Cryptocurrency market showed a sharp rebound
On May 20, the assumption that the cryptocurrency market is not ready to go into a clear long-term price correction was confirmed. After bitcoin’s price spiked to the $30,000 level on May 19, it surged upward again on May 20, momentarily reaching the $44,500 level. As a result, at the beginning of May 21, the cryptocurrency No.1 was more expensive than $40,000.
If we take the results of the last 24 hours, they look impressive:
- Bitcoin: +37%
- XRP: +39%
- Polkadot: +39%
- Chainlink: +39%
- Litecoin: +50%
- Uniswap: +52%
- Ethereum: +52%
- Bitcoin Cash: +53%
- EOS: +54%
- Stellar: +58%
- Dogecoin: +72%
- Cardano: +83%
- Ethereum Classic: +89%
Thus, those who entered the cryptocurrency market on May 20 and invested in these digital assets saw a daily return on investment averaging more than the returns of the key Wall Street indices over two years.

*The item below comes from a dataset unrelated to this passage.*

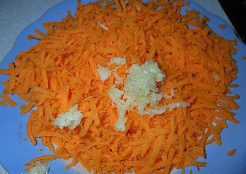 - Schil de wortelen en knoflook. Rasp de wortels, haal de knoflook door een pers.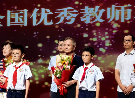 在礼敬大先生环节,马德普教授作为全国优秀教师称号获得者受到参会全体师生礼敬。

And large investment funds can’t ignore that. For example, Carlyle Group co-founder billionaire David Rubinstein is convinced that:
“Cryptocurrencies are not a one-day story, they are not going anywhere as a phenomenon exactly as gold with its role in the global financial system has not gone anywhere.”
Chainalysis experts come to the conclusion that the market collapse on May 19 was caused by the actions of individual traders who often trade with high leverage, which is very risky. At the same time, large participants of the cryptocurrency market, i.e. mainly legal entities, on the contrary increase the purchase of digital assets. On May 19, digital assets were sold mainly by individuals: if legal entities had come to the market with sales, the volumes of cryptocurrencies would have been significantly higher.
For example, during the sale of digital assets on March 13, 2020, when bitcoin fell to $3,500, 412,000 bitcoins were deposited into cryptocurrency exchanges in one day. This time, a similar amount was accumulated on cryptocurrencies at a noticeably slower pace – in three days.